Authors Chen J, Yang P, Ma Y, Tu S, Lu Y

Received 21 July 2012

Accepted for publication 22 August 2012

Published 27 September 2012 Volume 2012:7 Pages 5137—5149


Checked for plagiarism Yes

Review by Single anonymous peer review

Peer reviewer comments 3

Jyh-Ping Chen,1 Pei-Ching Yang,1 Yunn-Hwa Ma,2 Su-Ju Tu,3 Yu-Jen Lu1,4

1Department of Chemical and Materials Engineering, 2Department of Physiology and Pharmacology, 3Department of Medical Imaging and Radiological Sciences, Chang Gung University, Kwei-San, Taoyuan, Taiwan, Republic of China; 4Department of Neurosurgery, Chang Gung Memorial Hospital, Kwei-San, Taoyuan, Taiwan, Republic of China

Background and methods: Silica-coated magnetic nanoparticle (SiO2-MNP) prepared by the sol-gel method was studied as a nanocarrier for targeted delivery of tissue plasminogen activator (tPA). The nanocarrier consists of a superparamagnetic iron oxide core and an SiO2 shell and is characterized by transmission electron microscopy, Fourier transform infrared spectroscopy, X-ray diffraction, superconducting quantum interference device, and thermogravimetric analysis. An amine-terminated surface silanizing agent (3-aminopropyltrimethoxysilane) was used to functionalize the SiO2 surface, which provides abundant —NH2 functional groups for conjugating with tPA.
Results: The optimum drug loading is reached when 0.5 mg/mL tPA is conjugated with 5 mg SiO2-MNP where 94% tPA is attached to the carrier with 86% retention of amidolytic activity and full retention of fibrinolytic activity. In vitro biocompatibility determined by lactate dehydrogenase release and cell proliferation indicated that SiO2-MNP does not elicit cytotoxicity. Hematological analysis of blood samples withdrawn from mice after venous administration indicates that tPA-conjugated SiO2-MNP (SiO2-MNP-tPA) did not alter blood component concentrations.

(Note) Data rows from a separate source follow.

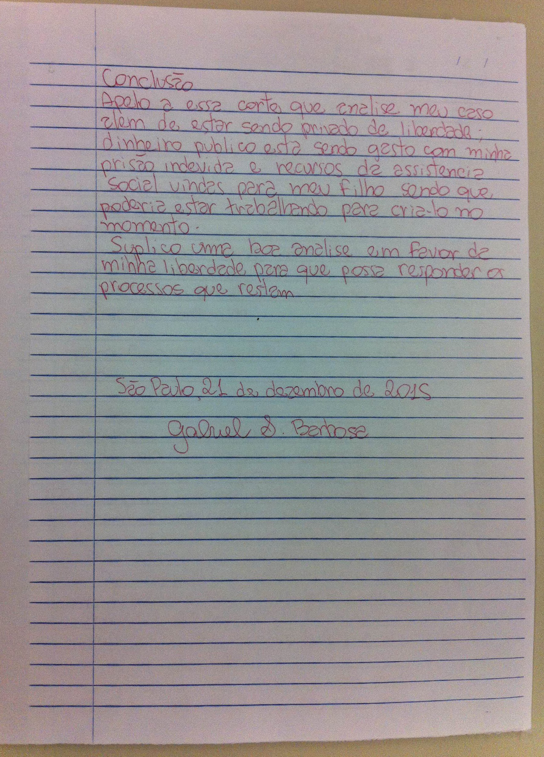 No HC, Gabriel ainda aponta que, além de ser privado de liberdade, dinheiro público estari sendo gasto com sua "prisão indevida". "[Há] recursos de assistência social vindo para meu filho, sendo que poderia estar trabalhando para cria-lo no momento."
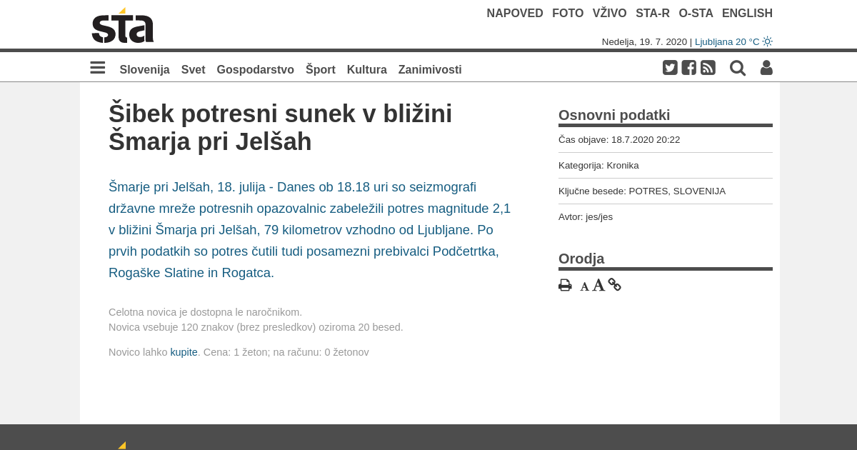 Danes ob 18.18 uri so seizmografi državne mreže potresnih opazovalnic zabeležili potres magnitude 2,1 v bližini Šmarja pri Jelšah, 79 kilometrov vzhodno od Ljubljane. Po prvih podatkih so potres čutili tudi posamezni prebivalci Podčetrtka, Rogaške Slatine in Rogatca.
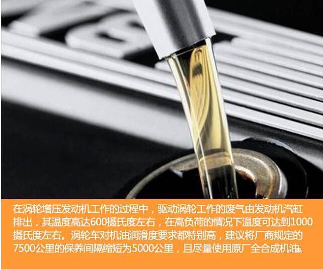 一般涡轮增压器在发动机转速达3500转/分钟时才会启动,并且快速提升直到6000转/分钟。而发动机转速越高,要求机油的抗剪切能力越强。只有这样,才能使得在高转速下机油的润滑能力不下降。因此,在选择机油时,应选择优质机油,比如高档全合成机油等。
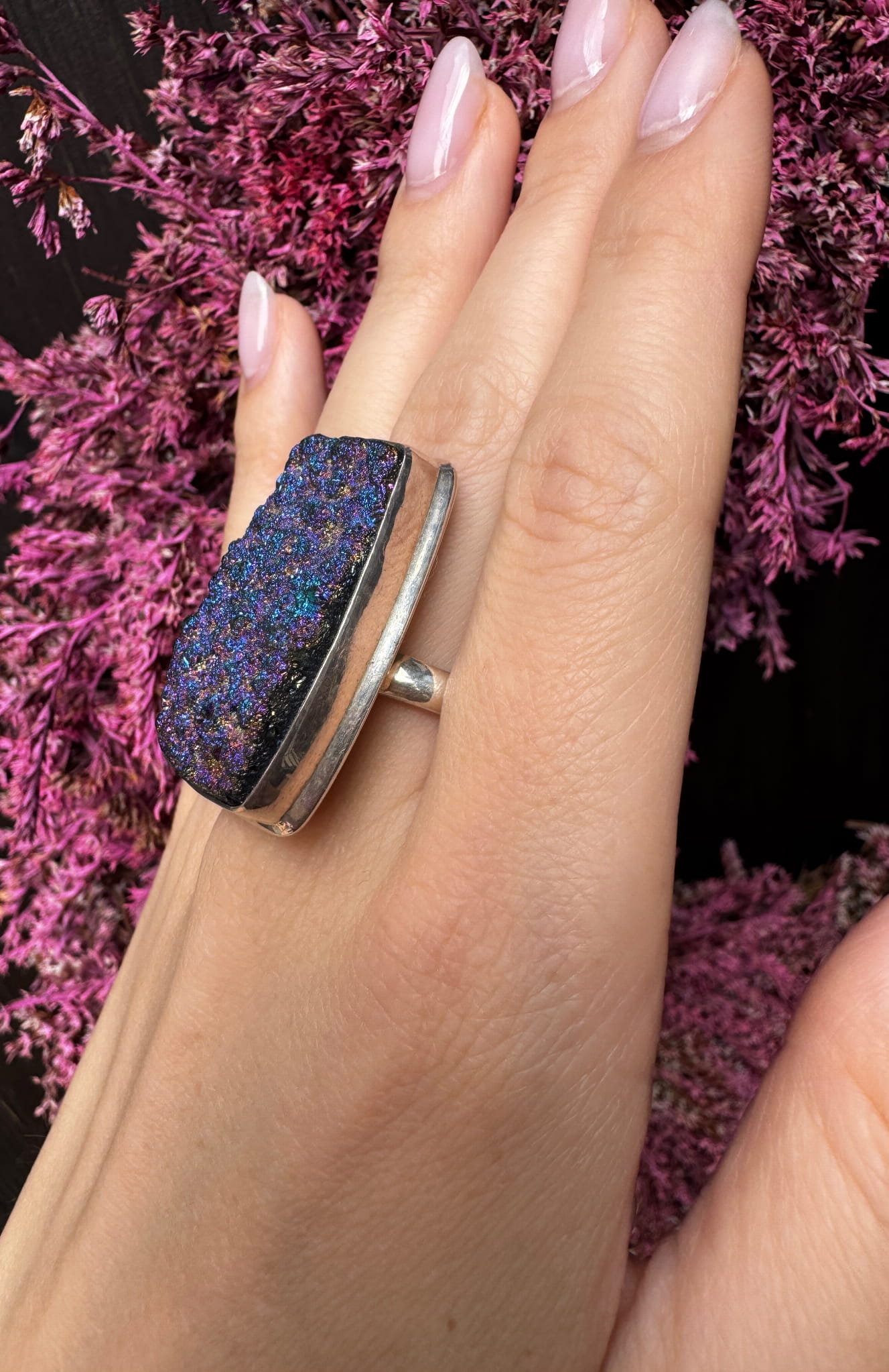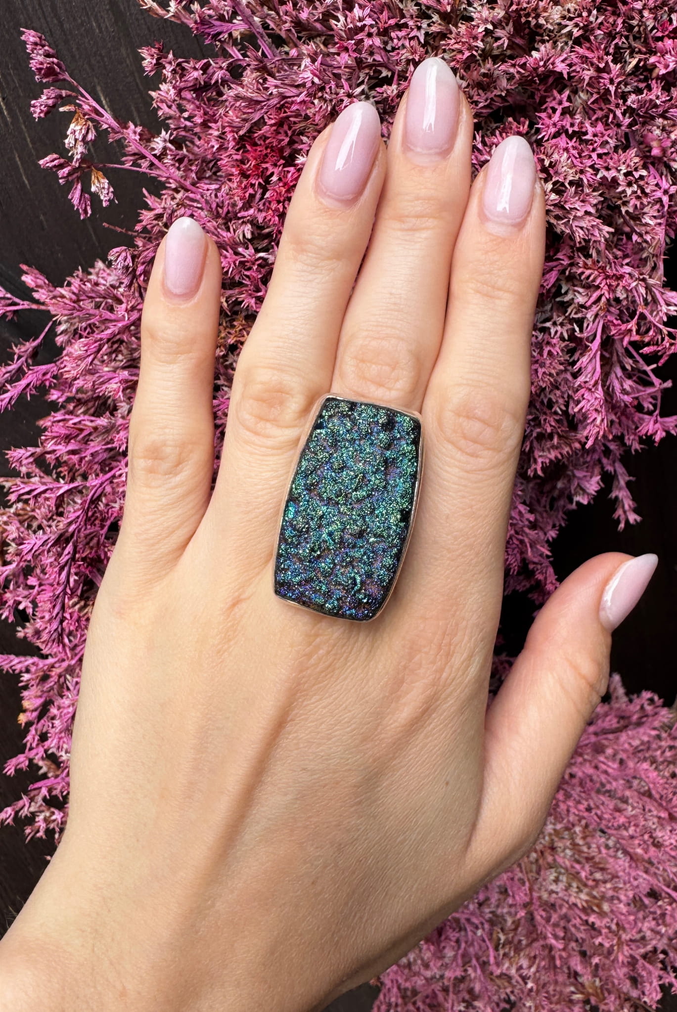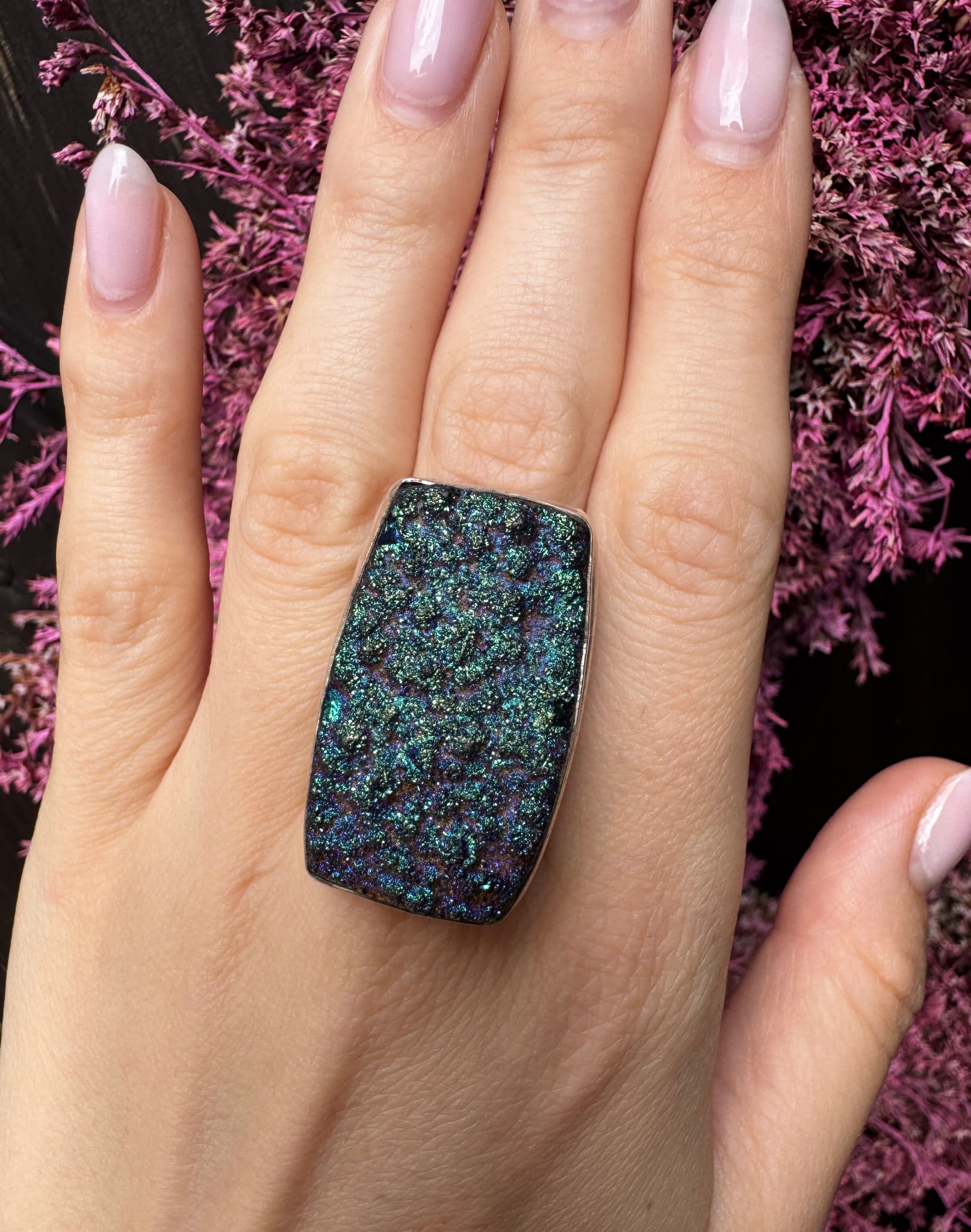 Piękny ręcznie wykonany pierścionek z druzy agatowej i srebra pr.925.

After conjugating to SiO2-MNP, tPA showed enhanced storage stability in buffer and operation stability in whole blood up to 9.5 and 2.8-fold, respectively. Effective thrombolysis with SiO2-MNP-tPA under magnetic guidance is demonstrated in an ex vivo thrombolysis model where 34% and 40% reductions in blood clot lysis time were observed compared with runs without magnetic targeting and with free tPA, respectively, using the same drug dosage. Enhanced penetration of SiO2-MNP-tPA into blood clots under magnetic guidance was confirmed from microcomputed tomography analysis.
Conclusion: Biocompatible SiO2-MNP developed in this study will be useful as a magnetic targeting drug carrier to improve clinical thrombolytic therapy.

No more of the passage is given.